Aggressive histopathological variants such as spindle-cell, mucoepidermoid, and adenoid squamous OSSN have an increased risk for metastasis [34–36]. Features suggestive of intraocular invasion of OSSN include anterior chamber cells, raised intraocular pressure, mass present in the anterior chamber angle, and choroidal or exudative retinal detachment [37]. Additional factors associated with higher grade OSSN lesions include male gender, lack of corneal involvement, papillomatous and nodular lesions, microscopic multifocality, and positive margins on biopsy [29].

Differential Diagnosis

Several lesions must be considered in the differential diagnosis of OSSN including pterygium, pinguecula, corneal pannus, vitamin A deficiency, Salzmann’s nodular degeneration, pyogenic granuloma, papilloma, and nevi especially in patients with complexion-associated melanosis. Other neoplastic processes that may masquerade as OSSN include sebaceous cell carcinoma, amelanotic melanoma, conjunctival lymphoma, and keratoacanthoma [38–41].

Diagnosis and Monitoring

Incisional or excisional biopsy with histopathologic evaluation allows for the definitive diagnosis of OSSN [29]. Excisional biopsies may lead to limbal stem cell deficiency, symblepharon, scarring in large lesions and those involving large portions of the limbus, and recurrent lesions [41, 42]. Innovative, noninvasive imaging modalities have been developed for the diagnosis of OSSN, including high-resolution anterior segment optical coherence tomography (HR-OCT), in vivo confocal microscopy, and OCT-angiography (OCT-A) [43–45].

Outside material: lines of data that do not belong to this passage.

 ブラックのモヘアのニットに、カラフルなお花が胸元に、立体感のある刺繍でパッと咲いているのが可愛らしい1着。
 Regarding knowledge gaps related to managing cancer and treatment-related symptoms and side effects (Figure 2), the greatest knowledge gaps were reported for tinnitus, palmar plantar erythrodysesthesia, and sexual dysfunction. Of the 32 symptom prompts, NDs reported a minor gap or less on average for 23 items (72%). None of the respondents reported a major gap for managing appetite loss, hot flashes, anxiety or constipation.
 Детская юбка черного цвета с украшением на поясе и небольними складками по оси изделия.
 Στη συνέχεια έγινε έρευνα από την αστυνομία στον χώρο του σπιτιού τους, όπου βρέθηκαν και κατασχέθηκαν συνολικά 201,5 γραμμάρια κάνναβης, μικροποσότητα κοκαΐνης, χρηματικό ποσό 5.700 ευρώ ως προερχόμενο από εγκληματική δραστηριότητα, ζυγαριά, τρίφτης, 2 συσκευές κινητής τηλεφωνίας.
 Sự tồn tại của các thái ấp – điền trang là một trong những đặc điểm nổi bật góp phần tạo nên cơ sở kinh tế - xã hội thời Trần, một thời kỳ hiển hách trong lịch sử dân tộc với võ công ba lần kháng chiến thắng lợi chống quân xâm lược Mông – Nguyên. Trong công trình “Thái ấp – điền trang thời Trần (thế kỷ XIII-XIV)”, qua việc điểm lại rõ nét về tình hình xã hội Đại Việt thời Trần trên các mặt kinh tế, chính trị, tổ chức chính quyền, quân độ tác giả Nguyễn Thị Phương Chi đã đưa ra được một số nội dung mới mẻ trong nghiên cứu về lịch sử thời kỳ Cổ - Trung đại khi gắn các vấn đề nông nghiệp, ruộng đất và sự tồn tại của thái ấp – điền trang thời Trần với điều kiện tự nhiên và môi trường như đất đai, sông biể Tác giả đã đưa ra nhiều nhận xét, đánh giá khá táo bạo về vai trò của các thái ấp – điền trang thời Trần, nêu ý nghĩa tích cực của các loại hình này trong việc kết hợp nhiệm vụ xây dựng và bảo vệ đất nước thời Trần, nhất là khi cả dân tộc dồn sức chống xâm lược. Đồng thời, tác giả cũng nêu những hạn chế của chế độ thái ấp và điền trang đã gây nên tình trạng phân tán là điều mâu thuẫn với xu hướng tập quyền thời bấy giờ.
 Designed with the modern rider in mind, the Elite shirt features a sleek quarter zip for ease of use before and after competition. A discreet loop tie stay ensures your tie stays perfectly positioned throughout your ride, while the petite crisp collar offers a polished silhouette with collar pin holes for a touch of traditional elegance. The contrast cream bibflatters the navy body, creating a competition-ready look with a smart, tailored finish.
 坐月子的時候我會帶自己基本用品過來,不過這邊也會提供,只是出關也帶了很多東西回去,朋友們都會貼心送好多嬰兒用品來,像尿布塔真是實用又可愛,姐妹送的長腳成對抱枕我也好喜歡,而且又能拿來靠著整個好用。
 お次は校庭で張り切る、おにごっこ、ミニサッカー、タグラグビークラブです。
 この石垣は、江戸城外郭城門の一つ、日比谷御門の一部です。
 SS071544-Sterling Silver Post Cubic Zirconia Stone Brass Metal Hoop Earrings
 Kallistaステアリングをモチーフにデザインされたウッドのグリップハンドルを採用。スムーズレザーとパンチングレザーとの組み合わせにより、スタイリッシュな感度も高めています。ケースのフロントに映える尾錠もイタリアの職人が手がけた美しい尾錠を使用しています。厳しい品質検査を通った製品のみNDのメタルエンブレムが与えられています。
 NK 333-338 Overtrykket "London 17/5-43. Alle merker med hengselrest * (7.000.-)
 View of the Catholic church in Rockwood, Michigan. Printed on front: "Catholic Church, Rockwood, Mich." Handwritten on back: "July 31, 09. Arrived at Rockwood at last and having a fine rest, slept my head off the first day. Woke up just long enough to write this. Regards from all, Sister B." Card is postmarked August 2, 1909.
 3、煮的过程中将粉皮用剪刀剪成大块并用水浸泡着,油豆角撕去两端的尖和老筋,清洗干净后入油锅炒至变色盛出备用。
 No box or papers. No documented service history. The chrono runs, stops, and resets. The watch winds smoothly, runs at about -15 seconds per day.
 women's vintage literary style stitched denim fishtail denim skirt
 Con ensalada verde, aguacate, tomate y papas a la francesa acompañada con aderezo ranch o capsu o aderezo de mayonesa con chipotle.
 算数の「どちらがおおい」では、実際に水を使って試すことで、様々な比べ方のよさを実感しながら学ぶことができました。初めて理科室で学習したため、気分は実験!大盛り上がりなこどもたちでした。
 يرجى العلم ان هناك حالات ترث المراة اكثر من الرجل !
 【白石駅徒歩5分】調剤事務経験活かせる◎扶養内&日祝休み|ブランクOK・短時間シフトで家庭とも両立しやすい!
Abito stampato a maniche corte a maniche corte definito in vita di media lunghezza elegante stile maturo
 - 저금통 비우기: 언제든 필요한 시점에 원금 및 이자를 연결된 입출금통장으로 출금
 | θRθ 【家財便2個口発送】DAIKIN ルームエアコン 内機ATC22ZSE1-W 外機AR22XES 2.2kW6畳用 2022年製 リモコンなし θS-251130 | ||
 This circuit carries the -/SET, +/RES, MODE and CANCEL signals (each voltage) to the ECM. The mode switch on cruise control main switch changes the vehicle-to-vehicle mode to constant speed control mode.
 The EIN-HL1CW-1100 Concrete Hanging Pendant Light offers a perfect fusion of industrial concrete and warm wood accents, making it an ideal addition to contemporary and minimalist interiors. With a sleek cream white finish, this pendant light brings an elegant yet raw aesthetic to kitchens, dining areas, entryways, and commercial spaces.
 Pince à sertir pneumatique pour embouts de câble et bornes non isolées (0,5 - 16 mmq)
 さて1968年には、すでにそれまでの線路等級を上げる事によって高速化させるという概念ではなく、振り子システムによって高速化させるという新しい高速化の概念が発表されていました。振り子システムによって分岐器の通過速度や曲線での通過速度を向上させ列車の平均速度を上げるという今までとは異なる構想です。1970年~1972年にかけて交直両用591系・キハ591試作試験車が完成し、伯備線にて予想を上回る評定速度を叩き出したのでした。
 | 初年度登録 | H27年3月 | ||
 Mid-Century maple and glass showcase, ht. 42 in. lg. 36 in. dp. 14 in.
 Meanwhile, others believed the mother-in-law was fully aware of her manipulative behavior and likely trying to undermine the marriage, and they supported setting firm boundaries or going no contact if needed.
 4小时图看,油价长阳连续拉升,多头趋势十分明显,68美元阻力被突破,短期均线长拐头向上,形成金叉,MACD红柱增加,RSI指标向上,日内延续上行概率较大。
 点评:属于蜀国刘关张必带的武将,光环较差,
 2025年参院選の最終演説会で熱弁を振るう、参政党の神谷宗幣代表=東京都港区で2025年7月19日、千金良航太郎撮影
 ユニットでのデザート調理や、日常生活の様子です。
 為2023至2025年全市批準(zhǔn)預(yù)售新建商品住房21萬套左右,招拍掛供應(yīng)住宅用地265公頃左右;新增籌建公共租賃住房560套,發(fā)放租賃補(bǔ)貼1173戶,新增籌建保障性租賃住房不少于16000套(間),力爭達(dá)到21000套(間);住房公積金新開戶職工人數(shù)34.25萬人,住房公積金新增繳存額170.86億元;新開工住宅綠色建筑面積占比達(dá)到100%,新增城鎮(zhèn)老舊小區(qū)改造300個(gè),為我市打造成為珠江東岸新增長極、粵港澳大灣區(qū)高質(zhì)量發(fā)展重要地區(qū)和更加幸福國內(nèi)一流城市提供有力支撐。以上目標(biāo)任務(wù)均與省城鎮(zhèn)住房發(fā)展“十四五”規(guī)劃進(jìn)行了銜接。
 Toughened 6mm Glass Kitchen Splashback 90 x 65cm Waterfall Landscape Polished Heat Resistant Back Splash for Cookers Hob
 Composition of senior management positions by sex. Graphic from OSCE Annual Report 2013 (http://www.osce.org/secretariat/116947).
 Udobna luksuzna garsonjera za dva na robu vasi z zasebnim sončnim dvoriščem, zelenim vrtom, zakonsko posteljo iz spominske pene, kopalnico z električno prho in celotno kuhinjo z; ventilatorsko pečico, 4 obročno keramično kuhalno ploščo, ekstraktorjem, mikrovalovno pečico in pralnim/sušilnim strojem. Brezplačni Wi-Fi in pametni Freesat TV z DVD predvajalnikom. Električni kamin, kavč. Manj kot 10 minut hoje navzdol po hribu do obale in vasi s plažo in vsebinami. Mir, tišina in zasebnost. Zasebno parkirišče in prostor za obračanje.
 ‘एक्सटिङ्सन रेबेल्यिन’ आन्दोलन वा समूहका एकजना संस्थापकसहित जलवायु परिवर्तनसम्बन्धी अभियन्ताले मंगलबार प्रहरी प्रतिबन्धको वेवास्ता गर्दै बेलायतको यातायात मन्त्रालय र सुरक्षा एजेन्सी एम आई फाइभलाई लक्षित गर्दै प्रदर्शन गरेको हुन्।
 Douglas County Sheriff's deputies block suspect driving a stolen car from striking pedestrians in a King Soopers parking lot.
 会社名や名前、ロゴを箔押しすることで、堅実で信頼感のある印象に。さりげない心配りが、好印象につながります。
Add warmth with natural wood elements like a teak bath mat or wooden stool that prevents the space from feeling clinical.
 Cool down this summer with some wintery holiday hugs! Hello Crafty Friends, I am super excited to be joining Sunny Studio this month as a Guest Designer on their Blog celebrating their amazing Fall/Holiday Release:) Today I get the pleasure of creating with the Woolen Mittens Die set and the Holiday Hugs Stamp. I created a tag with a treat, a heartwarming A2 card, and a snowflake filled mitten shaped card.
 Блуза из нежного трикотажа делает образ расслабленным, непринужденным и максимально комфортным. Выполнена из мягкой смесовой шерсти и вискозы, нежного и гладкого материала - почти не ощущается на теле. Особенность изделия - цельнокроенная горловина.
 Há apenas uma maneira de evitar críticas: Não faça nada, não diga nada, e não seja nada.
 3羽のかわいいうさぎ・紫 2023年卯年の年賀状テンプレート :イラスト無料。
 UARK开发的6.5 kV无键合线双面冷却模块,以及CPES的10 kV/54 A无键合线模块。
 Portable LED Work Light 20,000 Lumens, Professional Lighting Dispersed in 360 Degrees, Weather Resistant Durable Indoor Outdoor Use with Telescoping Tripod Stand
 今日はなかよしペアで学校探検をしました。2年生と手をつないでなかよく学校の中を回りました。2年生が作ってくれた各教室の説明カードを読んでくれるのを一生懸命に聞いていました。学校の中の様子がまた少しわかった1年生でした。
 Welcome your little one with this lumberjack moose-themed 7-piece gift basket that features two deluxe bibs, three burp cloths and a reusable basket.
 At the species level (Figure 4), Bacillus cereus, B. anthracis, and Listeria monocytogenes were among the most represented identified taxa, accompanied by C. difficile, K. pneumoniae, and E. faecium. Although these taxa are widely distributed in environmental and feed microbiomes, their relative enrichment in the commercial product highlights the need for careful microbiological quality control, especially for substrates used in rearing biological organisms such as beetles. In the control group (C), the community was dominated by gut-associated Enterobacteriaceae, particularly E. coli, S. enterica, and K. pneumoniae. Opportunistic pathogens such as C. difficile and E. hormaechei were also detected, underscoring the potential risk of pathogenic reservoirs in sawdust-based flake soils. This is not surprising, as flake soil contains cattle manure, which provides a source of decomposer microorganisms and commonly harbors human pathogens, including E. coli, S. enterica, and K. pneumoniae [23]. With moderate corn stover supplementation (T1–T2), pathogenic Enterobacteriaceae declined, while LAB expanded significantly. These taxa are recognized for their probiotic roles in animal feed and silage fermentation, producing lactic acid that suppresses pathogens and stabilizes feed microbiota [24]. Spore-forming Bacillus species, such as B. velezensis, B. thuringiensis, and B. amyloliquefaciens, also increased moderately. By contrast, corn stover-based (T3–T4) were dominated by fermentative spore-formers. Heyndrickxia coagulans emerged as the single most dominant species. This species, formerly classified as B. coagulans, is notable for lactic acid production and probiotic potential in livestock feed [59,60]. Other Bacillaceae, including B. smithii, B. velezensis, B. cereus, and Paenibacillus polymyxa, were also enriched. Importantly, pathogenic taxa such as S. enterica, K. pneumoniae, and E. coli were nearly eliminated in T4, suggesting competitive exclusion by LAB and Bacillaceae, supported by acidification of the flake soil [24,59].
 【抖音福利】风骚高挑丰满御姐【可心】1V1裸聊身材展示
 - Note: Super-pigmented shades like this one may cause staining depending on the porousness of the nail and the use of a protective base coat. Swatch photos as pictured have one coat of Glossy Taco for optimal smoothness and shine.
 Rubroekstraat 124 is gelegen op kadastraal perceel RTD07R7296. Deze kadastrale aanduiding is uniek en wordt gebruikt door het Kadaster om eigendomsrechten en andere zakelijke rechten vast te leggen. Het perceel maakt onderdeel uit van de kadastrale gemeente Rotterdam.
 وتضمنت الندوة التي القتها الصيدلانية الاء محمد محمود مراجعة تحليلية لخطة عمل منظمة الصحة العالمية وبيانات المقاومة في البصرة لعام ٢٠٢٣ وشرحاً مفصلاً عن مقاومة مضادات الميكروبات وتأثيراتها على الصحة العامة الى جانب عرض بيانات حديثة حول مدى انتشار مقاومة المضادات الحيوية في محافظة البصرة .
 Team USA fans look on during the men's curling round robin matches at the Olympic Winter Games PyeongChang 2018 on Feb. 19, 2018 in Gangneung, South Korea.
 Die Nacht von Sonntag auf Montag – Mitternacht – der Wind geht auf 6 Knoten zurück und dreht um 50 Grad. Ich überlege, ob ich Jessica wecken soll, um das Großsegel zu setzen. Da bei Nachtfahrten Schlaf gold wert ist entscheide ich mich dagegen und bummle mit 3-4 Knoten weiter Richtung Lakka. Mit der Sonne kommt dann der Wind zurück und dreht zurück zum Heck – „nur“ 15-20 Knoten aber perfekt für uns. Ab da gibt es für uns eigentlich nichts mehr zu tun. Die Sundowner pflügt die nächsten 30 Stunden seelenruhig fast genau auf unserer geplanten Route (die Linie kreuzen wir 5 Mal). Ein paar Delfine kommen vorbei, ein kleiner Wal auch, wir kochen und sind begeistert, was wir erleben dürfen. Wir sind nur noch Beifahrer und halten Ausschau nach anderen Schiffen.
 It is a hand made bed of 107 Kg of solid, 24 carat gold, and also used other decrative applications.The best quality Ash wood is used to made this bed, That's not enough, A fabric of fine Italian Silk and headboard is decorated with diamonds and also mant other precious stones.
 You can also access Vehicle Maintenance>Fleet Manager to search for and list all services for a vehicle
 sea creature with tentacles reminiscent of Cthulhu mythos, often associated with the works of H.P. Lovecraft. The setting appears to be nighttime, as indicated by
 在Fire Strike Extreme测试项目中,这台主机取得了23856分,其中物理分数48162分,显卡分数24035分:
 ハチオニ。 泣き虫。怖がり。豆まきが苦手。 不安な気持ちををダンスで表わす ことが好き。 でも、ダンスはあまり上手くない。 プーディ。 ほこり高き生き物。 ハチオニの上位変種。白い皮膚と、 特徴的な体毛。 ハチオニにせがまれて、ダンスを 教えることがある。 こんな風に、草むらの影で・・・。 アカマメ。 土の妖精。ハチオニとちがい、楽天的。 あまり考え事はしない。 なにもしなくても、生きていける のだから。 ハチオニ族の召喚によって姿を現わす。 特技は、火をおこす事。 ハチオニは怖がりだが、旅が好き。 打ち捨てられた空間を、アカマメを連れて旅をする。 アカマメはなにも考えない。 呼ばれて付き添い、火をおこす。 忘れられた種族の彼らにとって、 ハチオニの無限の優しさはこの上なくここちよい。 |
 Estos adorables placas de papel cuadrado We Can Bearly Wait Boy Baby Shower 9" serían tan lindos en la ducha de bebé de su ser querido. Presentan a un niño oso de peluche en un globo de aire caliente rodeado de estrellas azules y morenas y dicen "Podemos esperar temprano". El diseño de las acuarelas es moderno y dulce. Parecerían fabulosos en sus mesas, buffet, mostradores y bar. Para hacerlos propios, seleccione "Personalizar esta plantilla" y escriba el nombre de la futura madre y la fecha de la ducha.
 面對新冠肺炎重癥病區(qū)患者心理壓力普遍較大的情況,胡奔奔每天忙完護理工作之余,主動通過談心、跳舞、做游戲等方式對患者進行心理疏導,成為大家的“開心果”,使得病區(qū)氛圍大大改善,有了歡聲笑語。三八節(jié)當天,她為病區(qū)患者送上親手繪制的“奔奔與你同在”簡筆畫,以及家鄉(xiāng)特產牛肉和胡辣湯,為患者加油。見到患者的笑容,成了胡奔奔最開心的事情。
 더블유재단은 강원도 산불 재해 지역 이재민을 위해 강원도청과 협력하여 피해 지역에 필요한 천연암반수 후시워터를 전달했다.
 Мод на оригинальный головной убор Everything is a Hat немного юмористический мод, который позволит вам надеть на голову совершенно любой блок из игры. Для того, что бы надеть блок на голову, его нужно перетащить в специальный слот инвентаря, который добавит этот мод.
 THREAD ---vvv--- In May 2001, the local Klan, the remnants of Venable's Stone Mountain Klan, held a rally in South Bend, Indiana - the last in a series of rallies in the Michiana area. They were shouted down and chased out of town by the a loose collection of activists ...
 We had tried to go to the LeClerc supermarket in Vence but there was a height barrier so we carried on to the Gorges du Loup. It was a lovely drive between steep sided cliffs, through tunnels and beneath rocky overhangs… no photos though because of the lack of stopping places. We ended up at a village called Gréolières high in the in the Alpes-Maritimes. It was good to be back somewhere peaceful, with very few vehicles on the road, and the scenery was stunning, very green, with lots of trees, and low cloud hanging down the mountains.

HR-OCT aids in the diagnosis and treatment of OSSN and has been found to be highly sensitive and specific [45]. The typical HR-OCT findings include thickened, hyperreflective epithelium and an abrupt transition from healthy to diseased epithelium [39, 45, 46]. This mirrors the morphological findings seen on histopathology. Studies have shown that distinctive HR-OCT findings allow for the diagnosis OSSN in the setting of in the setting of co-existing ocular surface diseases, including pterygia, ocular rosacea, Salzmann’s nodular degeneration, and limbal stem cell deficiency [47, 48]. HR-OCT is a noninvasive and noncontact diagnosis modality that can be performed in the clinical setting with results immediately available. HR-OCT can be used to guide topical medical management of OSSN for lesions with apparent clinical resolution but continue to show subclinical disease [49]. This prevents the premature termination of pharmacotherapeutic intervention [39]. Monitoring for tumor resolution with HR-OCT can also potentially prevent overuse of topical therapy which can lead to ocular toxicity and increased cost to the patient. Limitations in the use of HR-OCT include technician experience in determining the region of scanning, optical shadowing which can obscure the depth of penetration especially in thick tumors, and difficulty with evaluating invasion into the substantia propria [5, 45, 47, 48, 50].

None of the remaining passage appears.